Thursday, 27 August 2009

Passport control

10.30 am, Ebbsfleet International station:

(admittedly not unattractive) French border guard:
- Mais... c'est bien vous ça??

I really have to do something about that fringe.

Wednesday, 26 August 2009

Sempre chiuso

I did mean to post a couple more Italy photos.
This lot starts halfway through the week in Bologna. Last time I went to visit Bologna was in between my exams when I was studying as an Erasmus student in Trento. It was afternoon, exam season in a student city, and all I remember are empty arcades, closed facades, and an all-pervading dusty orange-red haze.
I don't know anyone in Bologna, so I wrote to a very nice chap on Couchsurfing who agreed to host me, and I hoped that I would finally get to know the city a bit. I've heard good things.

I got a lovely air-conditioned intercity train from Florence at lunchtime.

On arrival in Bologna, all quiet and red. No reply from my couchsurfer, but then it was siesta hour.

I left my backpack at the station and set to wandering the streets aimlessly and waiting for gelato time. Most of the shop fronts were masked by heavy metal blinds, paper notes fluttering, bearing variations on 'Closed for the holidays'. I took some pictures of the deserted arcades and settled down with my giallo to wait for the bookstores to re-open.

No word from couchsurfer guy.

At around six, having successfully raided the bookshop and gelateria and picked up my bag from the station, and after continued silence from Couchsurfer Guy, I decided to check into the youth hostel. There is only one youth hostel in Bologna, and you have to take the 94 bus from Via Marconi.

Guess what? It turns out that the Via Marconi bus stop is podwójny. Actually there were about six different bus stops labelled Via Marconi, and only two of them were actually on the street in question.
Two bus drivers were leaning on an empty parked bus, smoking. I approached them and asked for the youth hostel.

Frowning and scratching of heads.

In August, in Italy, the buses run at one an hour. At least I think that's how it works. According to the timetable, services marked with a letter 'a' run as Saturday service, those marked with an 's' run as on Sunday, those marked with a 'z' run as if on a bank holiday and anything else apparently doesn't run at all.

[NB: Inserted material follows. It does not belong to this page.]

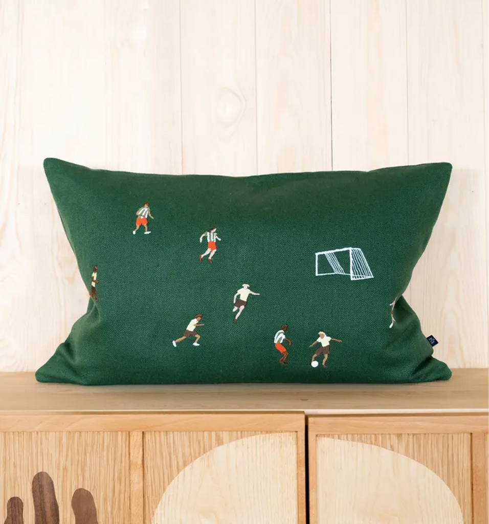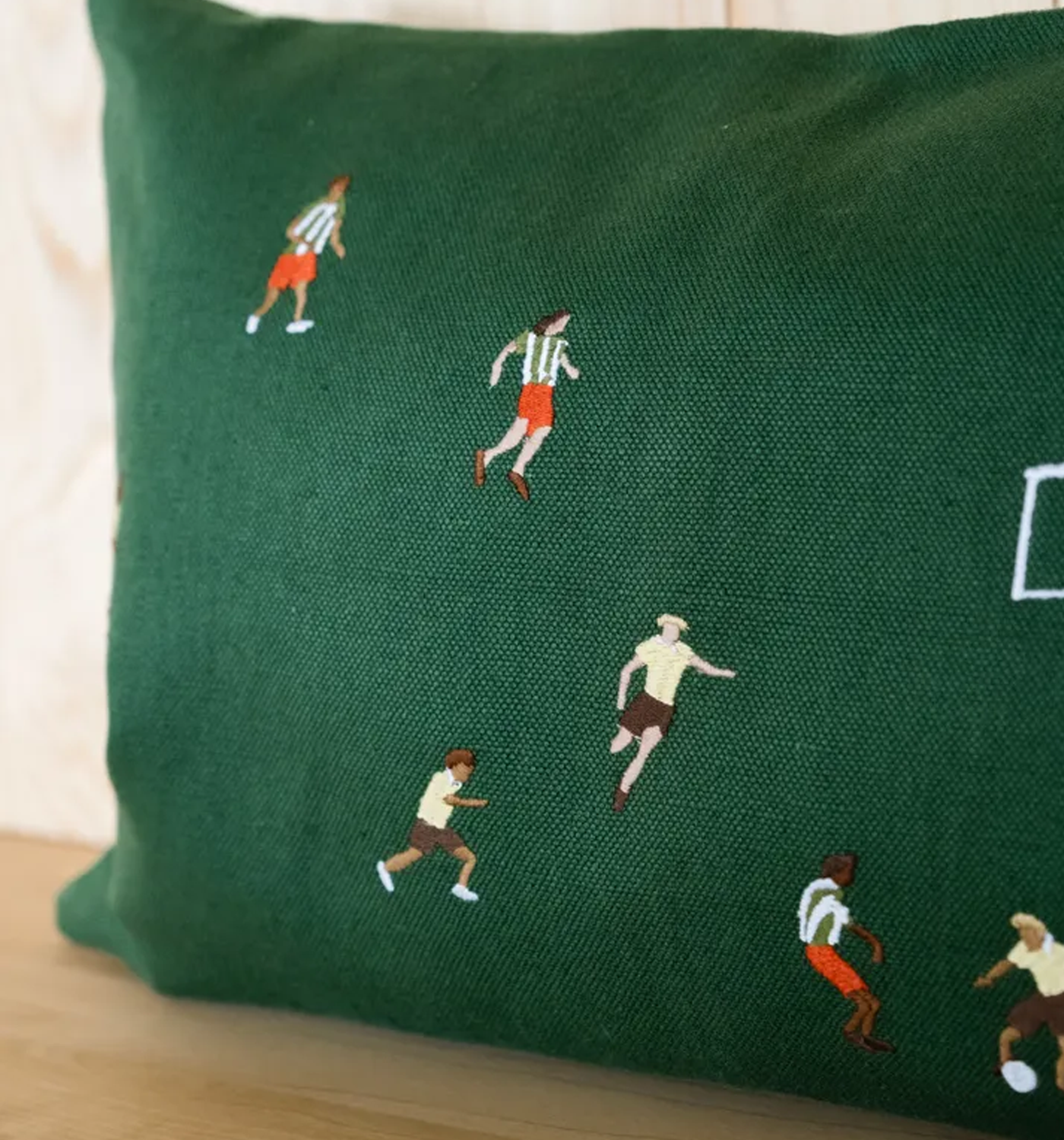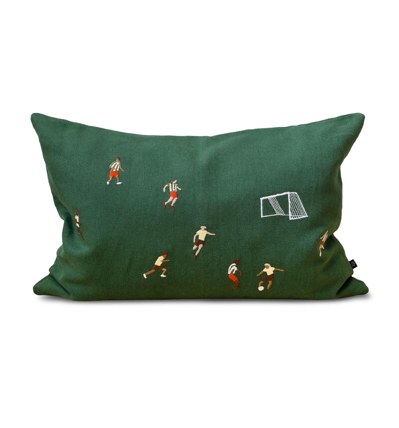 Together on the field, with a common goal. Embroidered cushion cover Soccer, original drawing with acrylic and crayon by Elisabeth Dunker.

- Can't I just walk there? I asked.

Snorts of laughter.

Eventually they advised me to get number 20 from the stop two streets up.
I started walking, saw the bus overtake me, and started to run, backpack, Italian August heat and all.

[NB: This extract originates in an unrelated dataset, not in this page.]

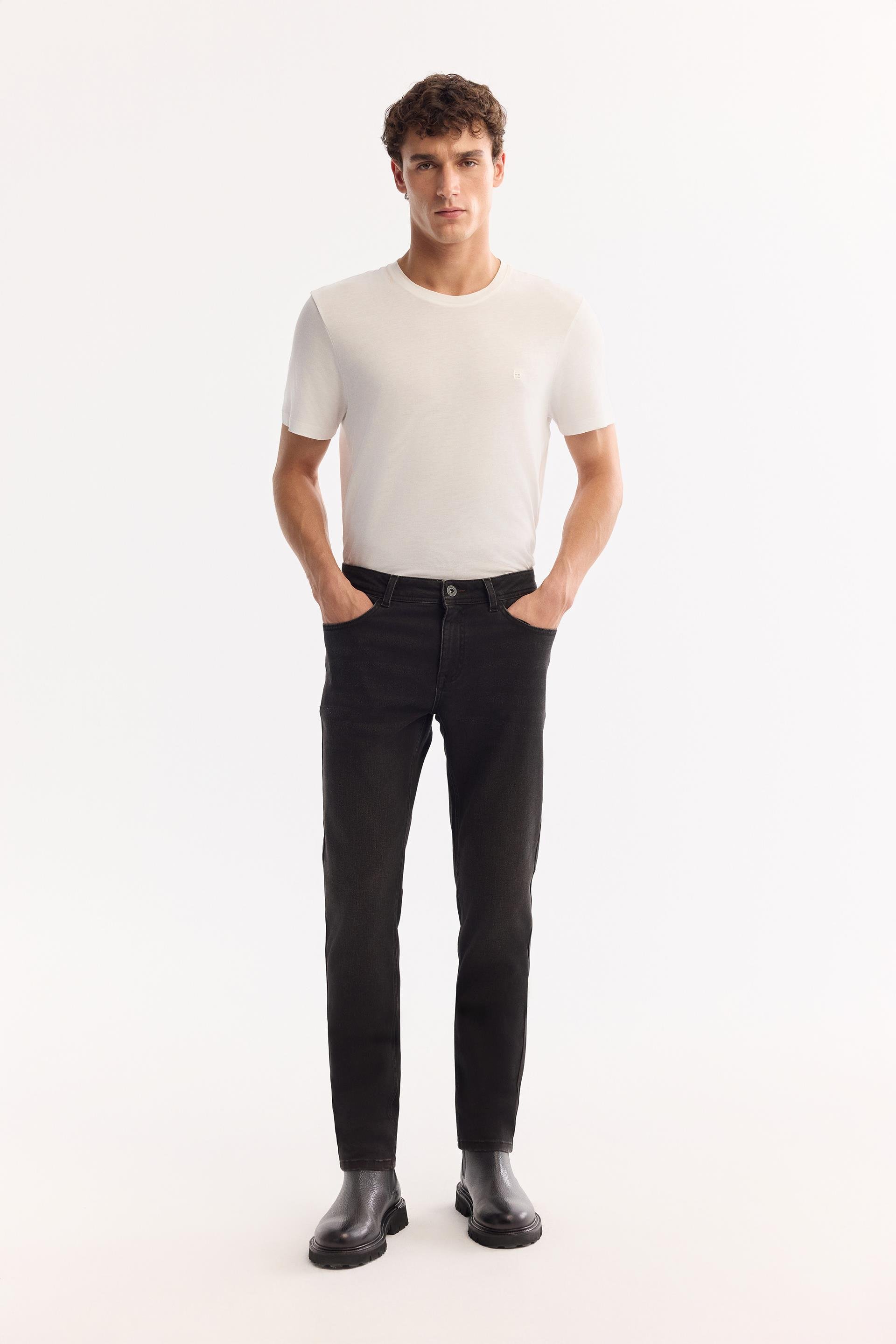 Eskitme yıkamalı, 5 Cepli, Fermuar ve düğme kapamalı, Branding detaylı, Pamuklu, Likralı, Slim Fit Non Denim Jean Pantolon

Ahead of me I saw my one bus an hour start to pull away from the stop.... and then halt at the traffic lights.

I gained the front doors and banged on them furiously. They opened and I leapt on, gasping like a fish out of water.

- To the youth hostel?? I spluttered.
- First say thank you.
Said the bus driver.
- What?!
- Say thank you! For stopping the bus for you!
- Oh. Sure! Thanks, grazie mille! Now about that youth hostel...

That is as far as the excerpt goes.